E se Goldman Sachs nel suo ultimo report parla di prezzo del petrolio che dovrà scendere ancora di 10 dollari al barile nei prossimi mesi, a causa delle sempre crescenti riserve – soprattutto se poi l’Iran post-sanzioni passerà davvero dagli attuali 2,8 barili prodotti al giorno a 3,8 e se il 4 dicembre l’Opec (ovvero l’Arabia Saudita) non deciderà un taglio dell’output sotto i 30 milioni di barili al giorno – è il Brasile a confermare che la situazione è davvero seria.
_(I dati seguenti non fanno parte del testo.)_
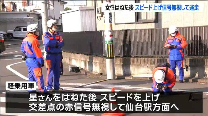 12月17日、仙台市内で女性が軽乗用車にはねられ重体となっているひき逃げ事件で車は女性をはねた後、スピードをあげたうえ、交差点の赤信号を無視して逃走していたことが、警察への取材で分かりました。

Questo grafico
Brazil_basins
è relativo ai giacimenti offshore di Campos e Santos, le aree estrattive più produttive del Paese, i cui diritti di esplorazione per gas e petrolio sono andati all’asta mercoledì scorso, ottenendo il seguente risultato: 119 all’asta, solo 17 venduti. Ma malissimo sono andate anche le offerte per i bacini di Camamu-Almada, Espirito Santo e soprattutto per i dieci messi all’asta nell’area Sergipe-Alagaos, quella per la quale si pensava ci fosse la competizione più dura tra i concorrenti. Solo due sono stati venduti. Con Petrobras fuori gioco a causa del suo debito monstre da 130 miliardi di dollari, l’asta si è tramutata in un disastro con sole 36 aziende registrate e presenti. Calcolando che il giorno prima, il senatore del partito di governo, Delcídio Amaral, aveva definito l’asta un test straordinario per l’industria petrolifera brasiliana, fossi in Wilma Rousseff dormirei sonni agitati.